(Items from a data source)
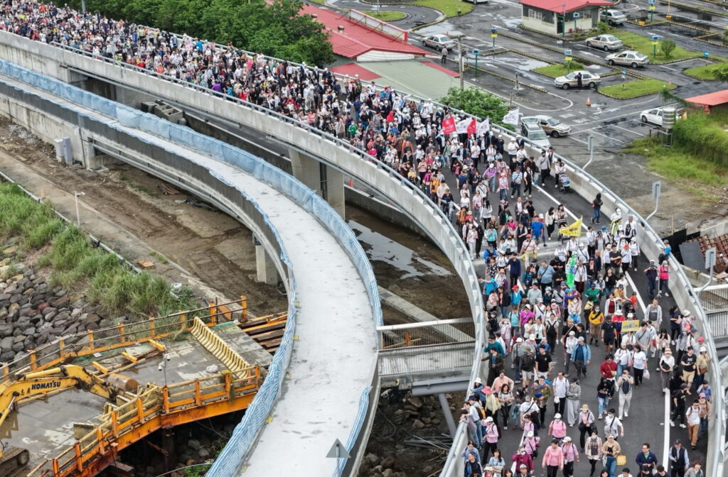 廿五日一早參與民眾陸續湧入淡水漁人碼頭,健走路線全長約二點五公里,許多家庭扶老攜幼參與,上萬民眾登上主橋後隊伍綿延成壯麗人龍,在折返點可三六0度飽覽淡水河口與八里海岸線的絕美景致;沿途設置的拍照打卡板與補給站被擠得水洩不通,用鏡頭捕捉。
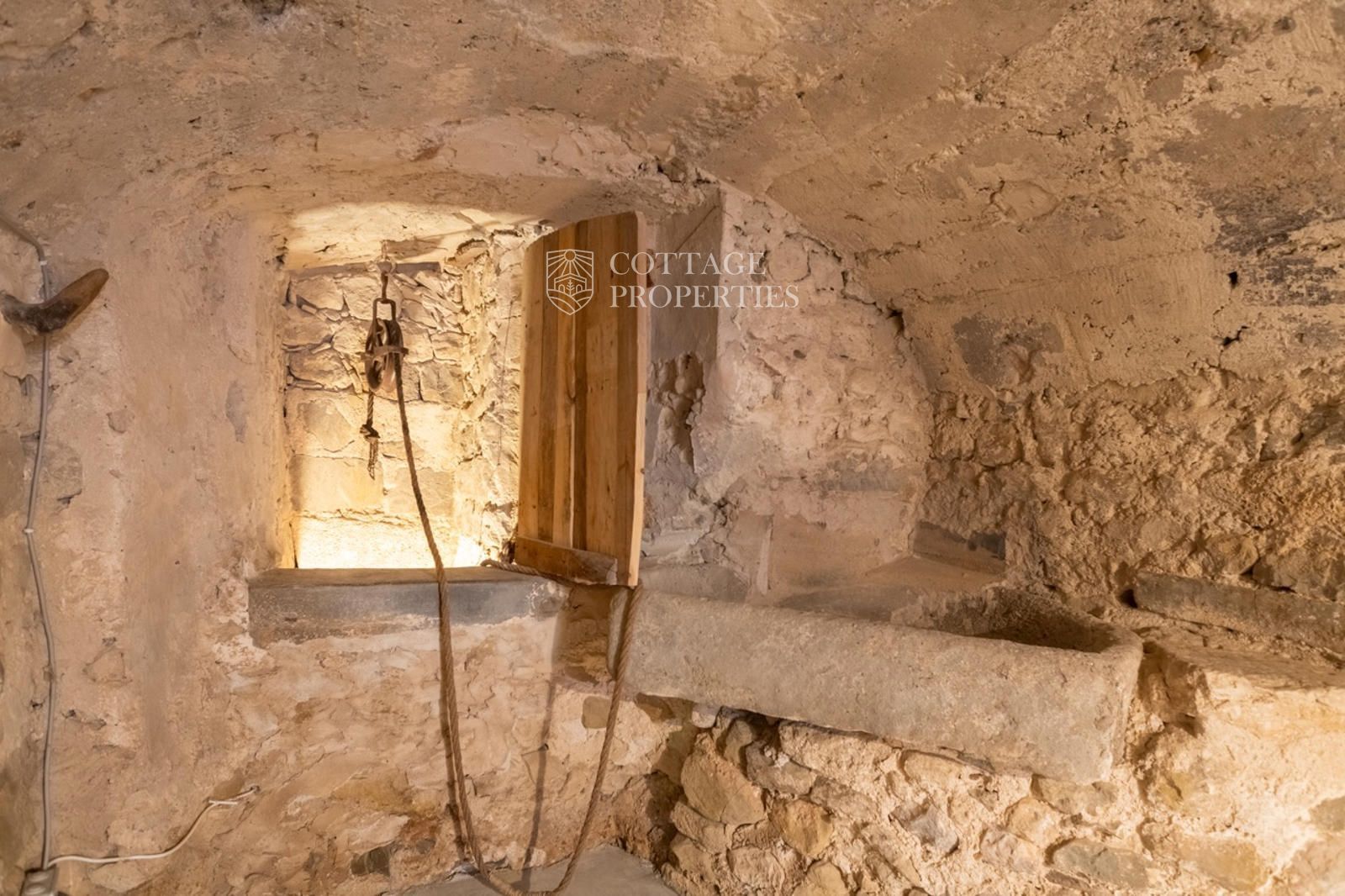 À l'intérieur, des espaces du XVIIIe siècle ont été préservés, notamment une bibliothèque, des chambres, un mobilier traditionnel et une chapelle dédiée à Saint-Michel Archange. Elle comprend également une ancienne trulle avec de grands bassins en pierre et un pressoir à vin d'origine. La ferme comprend un hall d'entrée accueillant, de spacieuses pièces seigneuriales, une cuisine traditionnelle, plusieurs salles polyvalentes et des chambres aux détails d'origine. On accède à la chapelle depuis l'intérieur de la maison, ainsi que par une porte extérieure portant une inscription datant de 1762.
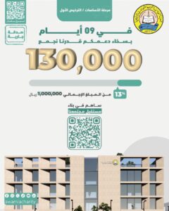 أعلنت جمعية العوامية الخيرية عن جمع 13% من المبلغ المستهدف للمرحلة الأولى من مشروع المبنى الإداري الجديد، وذلك خلال 9 أيام فقط من بدء الحفر في أرض المشروع ضمن المرحلة الأولى وهي مرحلة الاساسات والتي تبلغ تكلفتها الاجمالية مليون ريال أكتمل منها حتى الآن 130 الف ريال من خلال 90 متبرعاً، قدموا تبرعات كصدقة جارية لدعم استمرارية أعمال الجمعية.
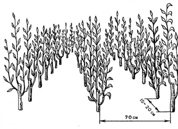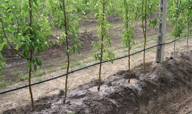Также можно использовать куриный помёт или перегной. Деревья размещают в 50 сантиметрах друг от друга, а между рядами оставляют расстояние в 1 метр. Опуская саженец в ров, нужно проследить, чтобы его корни были тщательно расправлены. После этого надо хорошо полить землю в прикорневом круге.
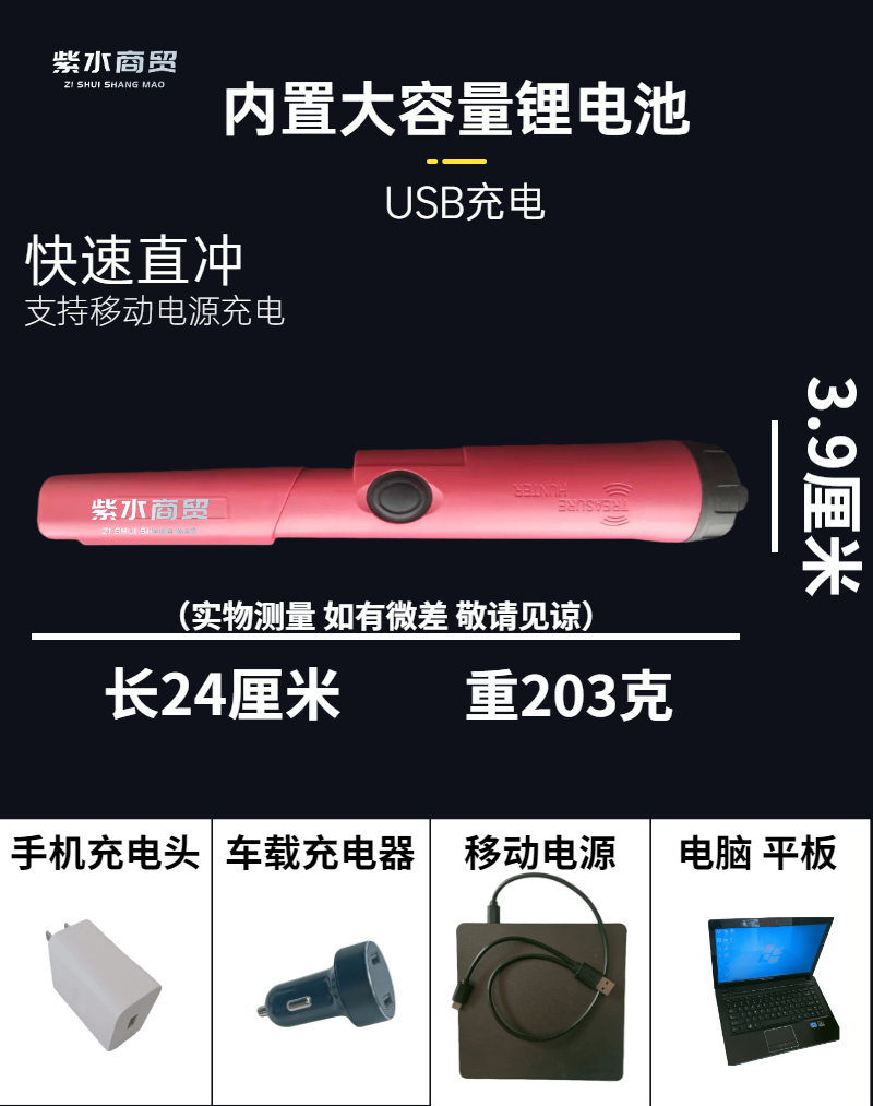手持金属探测棒防水定位棒可充电高精度小型安检地下寻宝器探测仪
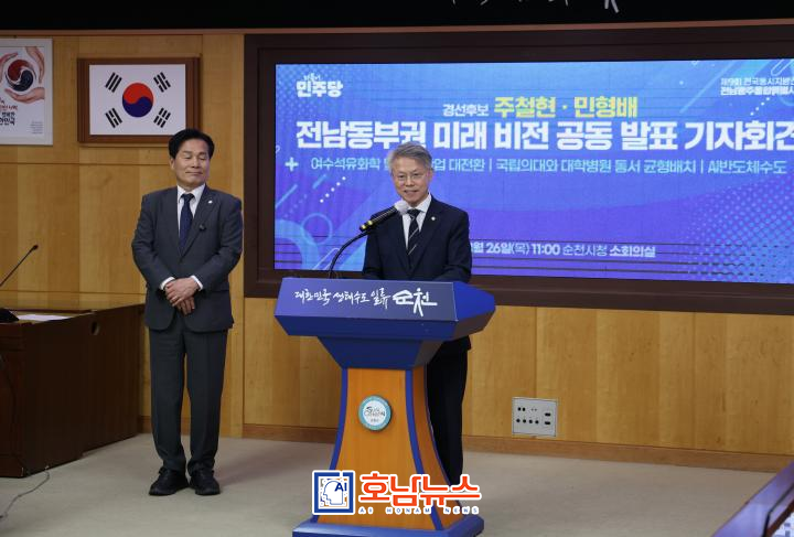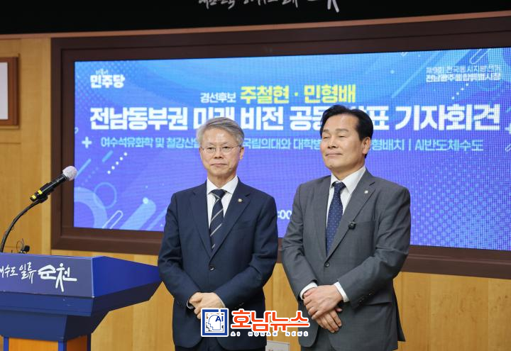 더불어민주당 경선에 나선 민형배 국회의원(광주 광산구을)과 주철현 국회의원(전남 여수갑)은 26일 전남 순천시청에서 공동 기자회견을 열고, 전남 동부권 미래 전략을 중심으로 한 정책 연대를 공식 선언했다.
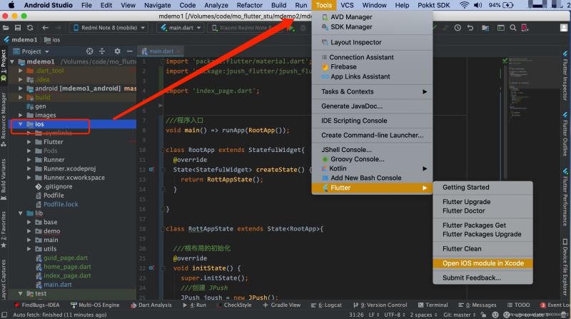 完成上述操作后,极光推送所需的所有原生环境就配置完成了。接下来,使用Android Studio打开Flutter工程,在main.dart文件的initState生命周期函数中添加初始化JPush代码,如下所示。

### Exercise
Give again, word for word, the lines from the one containing "더불어민주당 경선에 나선" through the last line of the entries, with pictures omitted and nothing added.

### Answer to this task
 더불어민주당 경선에 나선 민형배 국회의원(광주 광산구을)과 주철현 국회의원(전남 여수갑)은 26일 전남 순천시청에서 공동 기자회견을 열고, 전남 동부권 미래 전략을 중심으로 한 정책 연대를 공식 선언했다.
 完成上述操作后,极光推送所需的所有原生环境就配置完成了。接下来,使用Android Studio打开Flutter工程,在main.dart文件的initState生命周期函数中添加初始化JPush代码,如下所示。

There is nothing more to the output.